それから「商業界」の前主幹の倉本先生にご紹介いただいた、南カリフォルニア大学の教授で、流通で有名なマギニスさんという先生がいらっしゃいまして、私もカリフォルニアにいましたので、何度もお会いしてメーシーズや、セブンイレブンの
当時の親会社のサウスランド社などに紹介状を書いていただき、訪問して勉強させてもらうというようなこともしていました。
【SW】その頃、日本の企業が研修でアメリカに行くとしてもそれは組織で行かれたわけですよね。お金の問題もあり、単身で行かれた方というのは少なかったのではないですか?
【大久保社長】少なかったでしょうね。
私がアメリカに行く時、船のお金は片道分だけ親から出してもらいました。あとは全部現地で働いて、
給料をもらってやっていくことにしていました。
当時読売広告社の給料は月3万円。当時は1ドル=360円ですから、およそ1か月80ドルですね。

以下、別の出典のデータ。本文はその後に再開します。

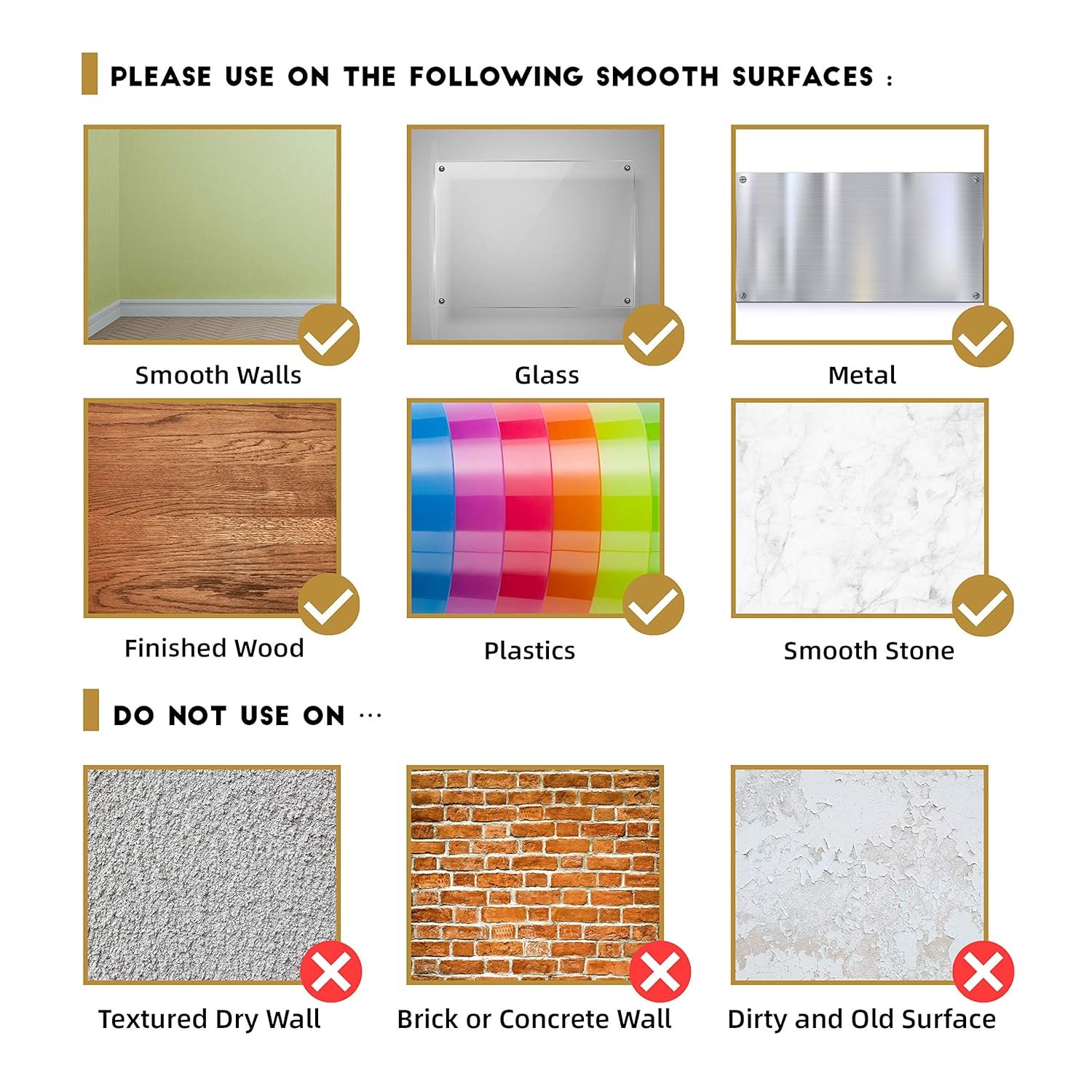 ITEMS INCLUDED – We also provide 2 dry erase markers and 1 plastic scraper to help you apply the sticker. We suggest you use the sticker on surfaces like smooth walls, glass, metal, finished wood, plastics and smooth stone.

アメリカでの初任給は1週間で100ドルでした(笑)。なおかつ私は正味2年間海外にいたんですが、
2年間の間、いっさいホテルに泊まっていないんですよ。全部ホームステイなので費用はかからないんですね。それなのに収入はそれこそ日本の3倍、4倍もらっていましたから、最終的に日本に帰ってきたときはお金がたくさんたまっていました。(笑)。
【SW】アメリカへは船で行かれたのですね。
【大久保社長】そのころ飛行機は高くてね。まだ
プロペラですので、日本航空のサンフランシスコ便があったのですが、途中、ウェーク島で一度給油して、さらにハワイ島で給油をしなければならないという時代でした。それでも片道、私の給料が
3万円の頃、給料の4ヶ月分の12万円でした。私が乗った船はアメリカン・プレジデント・ラインの船底ですが、でも確か給料の2か月分強の7万円くらいでした。